I know there is bad disability representation, and I've seen it too. However, I don't think the solution to bad representation is that all abled writers should be banned or discouraged from making their main character disabled. I've seen plenty of male authors write terrible female characters, does that mean all male authors should only be allowed to write male main characters?

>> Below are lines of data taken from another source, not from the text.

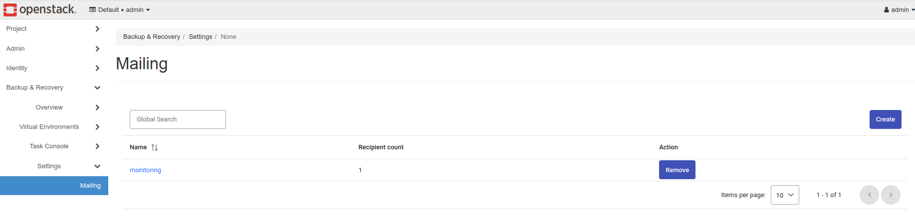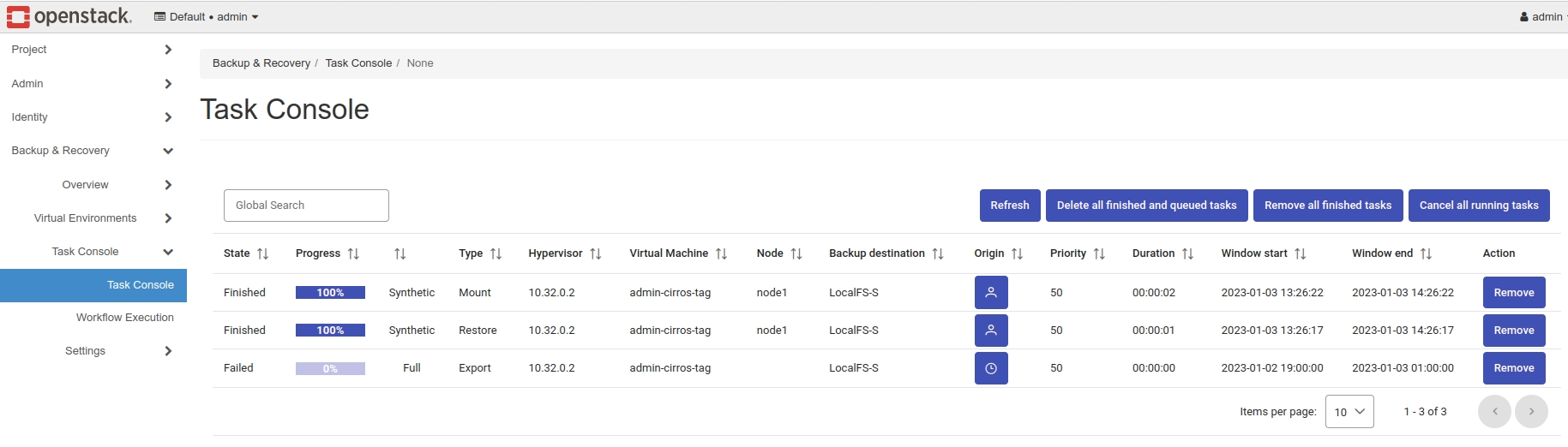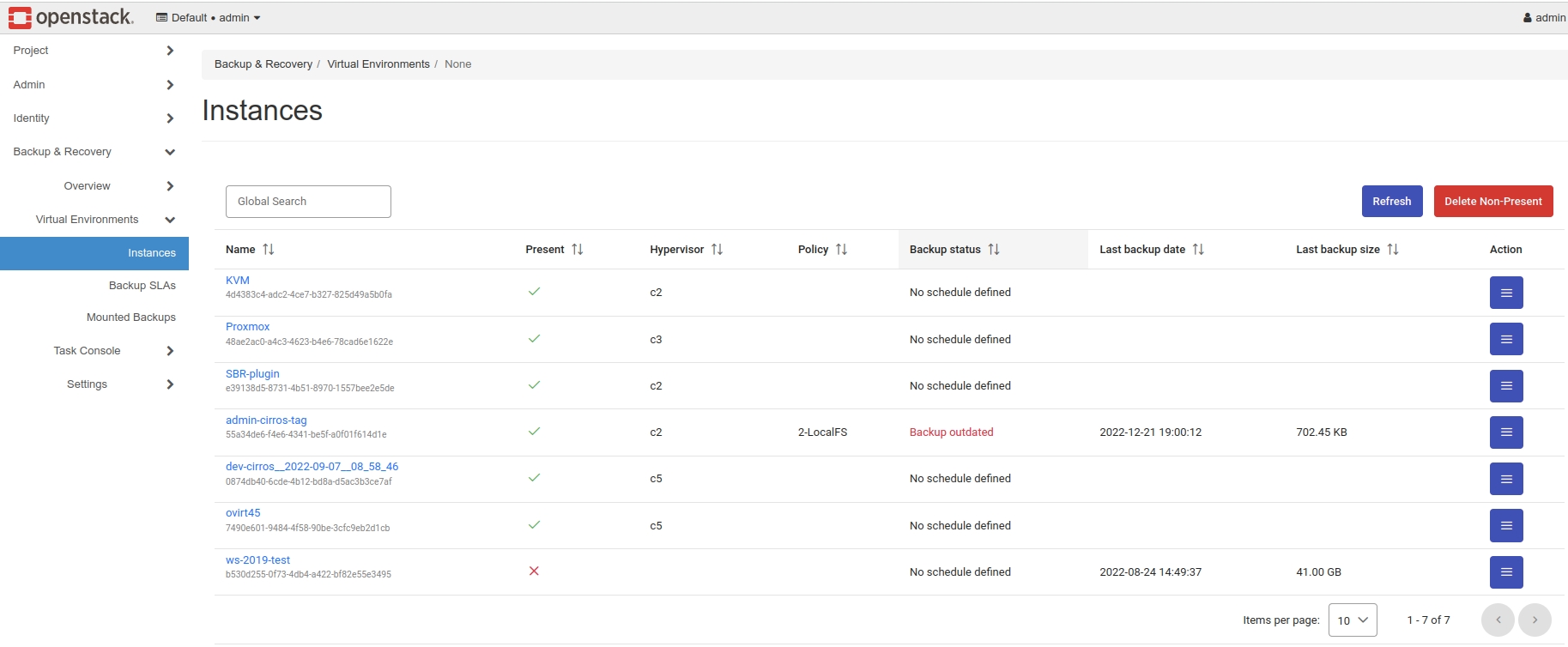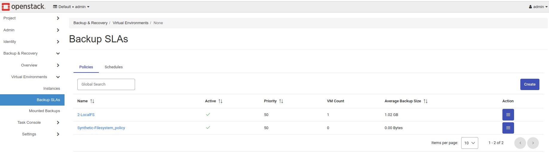 After installation (which is described at the end of this article) you will see a new tab "Backup & Recovery" in the OpenStack menu. This consists of several sub-tabs that allow you to perform basic actions such as backup, restore or create a new schedule.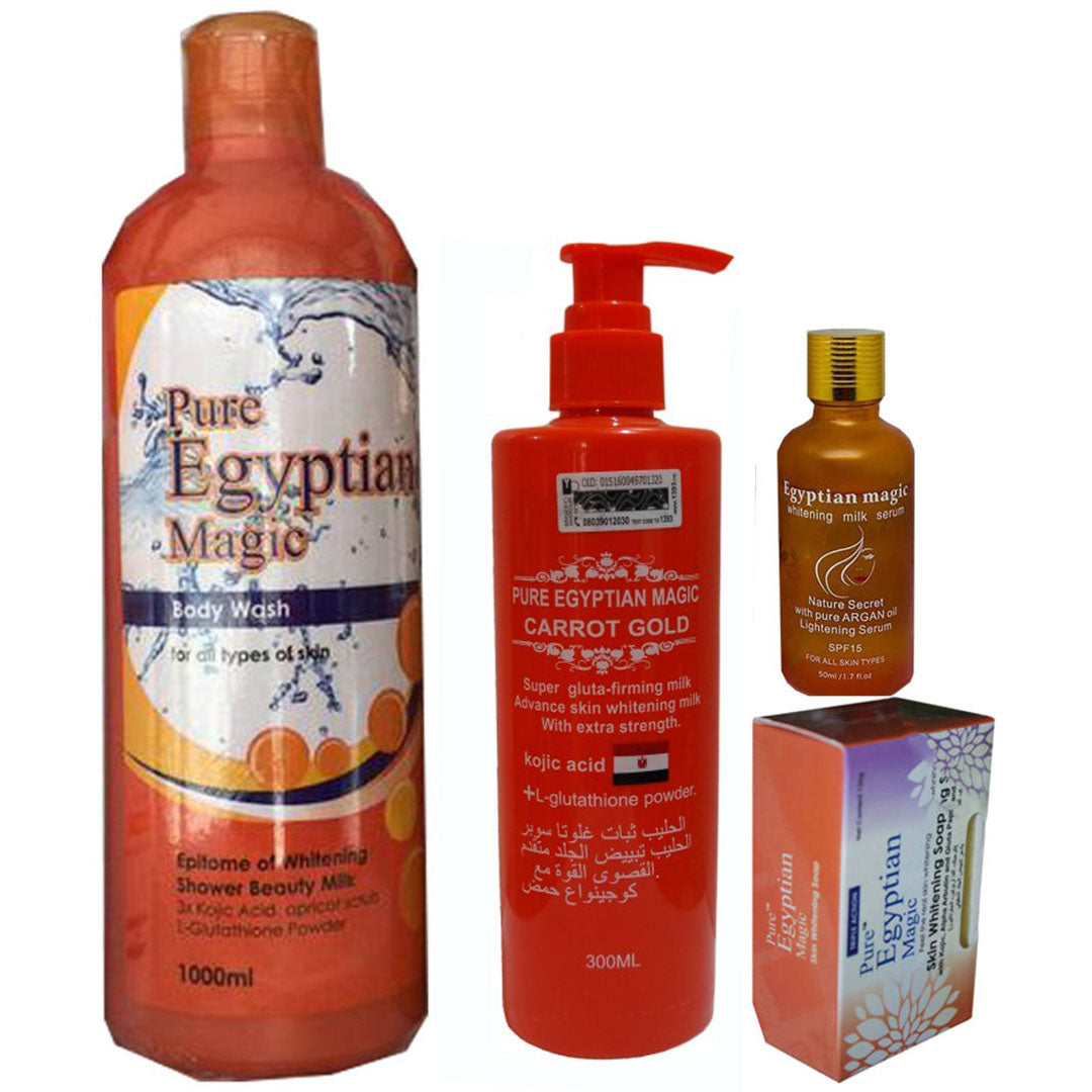 The Pure Egyptian Carrot 4-pc Bundle is the most comprehensive collection in the Pure Egyptian range, designed for a total head-to-toe skin transformation. This all-inclusive bundle typically includes the Carrot Body Milk, high-potency Serum, Whitening Body Wash, and the targeted Face Cream. Formulated with high-strength botanical whitening agents and natural Carrot Oil, it targets the toughest hyperpigmentation issues from head to toe.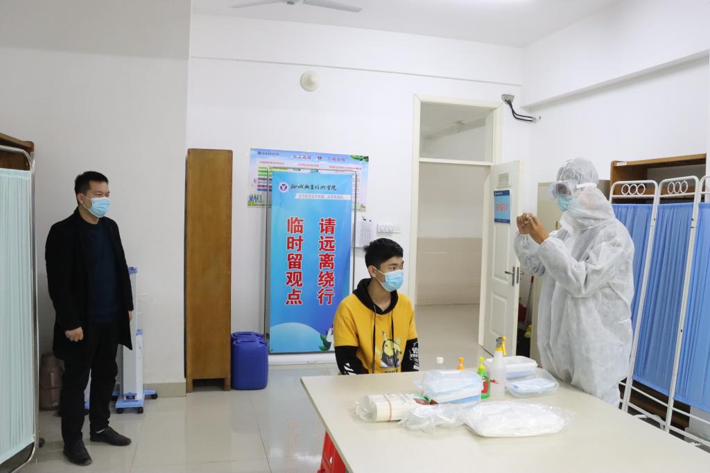 为进一步提高疫情防控应急反应能力,增强师生消防安全意识,11月4日,医学系组织全体班主任、实训室操作员和在校生开展了疫情防控演练和消防演练。
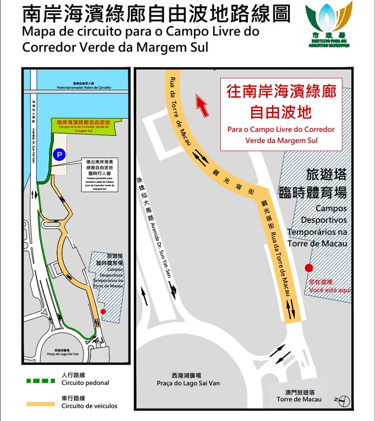 市政署按计划分三区有序推进南岸海滨绿廊二期工程,重点为球场功能的一区于周一(11月17日)上午七时对外开放。市民可驾车停泊于一区的临时停车场,或经孙逸仙大马路临时行人道进出。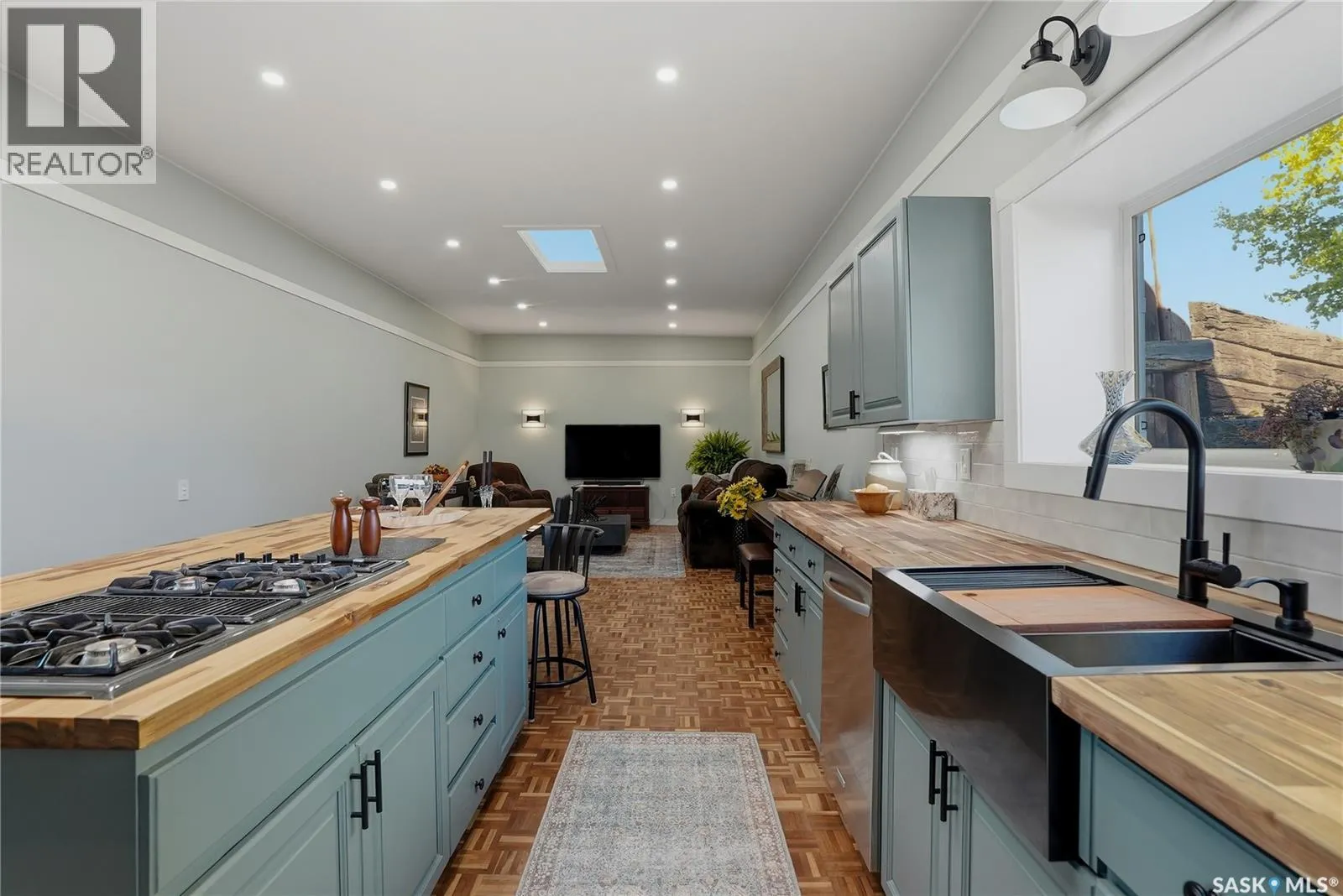 One of a kind acreage at 65 Southwinds Dr in the Hamlet of East Beaver Creek. Tucked seamlessly into the side of a hill, this remarkable earth shelter home is where innovation meets everyday comfort. Built with 14-in thick walls & an 8-in rebarred concrete ceiling, capped with 10 inches of rigid styrofoam & over 3 ft of soil protected by a recent 60mm EPDM rubber membrane (40 yr life span), this home isnât just built to lastâitâs built to thrive. Naturally insulated, whisper-quiet & wheelchair accessible. Set on 10 fully fenced, gated acres with pavement right to the driveway, just 15 minutes from Saskatoon, this property combines rural tranquility with city convenience. The mature shelter belt creates privacy and wind protection, with beautiful treed walking paths around the entire perimeter and buyers will love the huge heated shop, and plenty of space for animals âideal for hobby farmers, or anyone craving space to work and play. Inside, every detail has been beautifully reimagined. The fully remodeled interior opens into a stunning open-concept kitchen, dining, & living area that feels surprisingly bright thanks to thoughtful design and skylights that invite the sun in. Youâll love the parquet floors, beautiful cabinetry, stainless steel appliances & butcher block countertops. The primary suite offers a peaceful retreat with en suite bathroom and is complemented by two additional bedrooms, full main bathroom, and a spacious laundry room. The dbl attached garage provides everyday convenience, while the homeâs construction ensures unmatched comfort. SaskTel fibre optic network is already to the house, ensuring fast & reliable connectivity. The property uses its own well water but municipal water has been brought right up to the house, ready for connection if desired. A perfect balance of innovation & country living, this home defies convention yet fits beautifully into everyday lifeâa one-of-a-kind retreat minutes from Saskatoon. Call your favourite agent to view! (id:27476)

I don't want to be misunderstood; quantity is not the same as quality and I don't want more bad representation. However, I would rather have abled authors that are educated and have sensitivity readers write disabled characters, than for abled authors to be disallowed from ever writing disability. Simon Sort of Says features two disabled characters, and for that matter features characters from other ethnicities than the author, but Erin Bow used multiple sensitivity readers and wrote a fantastic and moving novel that won many awards, at least one specifically for its disability representation. I would rather live in a world where this book exists than in one where every abled author believes a disabled main character 'has no point'.

21keristars
May 21, 2025, 12:47 am

>20 GraceCollection: Ah, gotcha, thanks! I guess when I read those statements, I didn't think of it so much as "they shouldn't write at all" as "they should be very careful". But I was certainly bringing my assumptions to that reading. :)

22-Niko-
May 22, 2025, 1:54 pm

>20 GraceCollection: That was well said. It raises a point on the issue and adds different perspectives on the situation!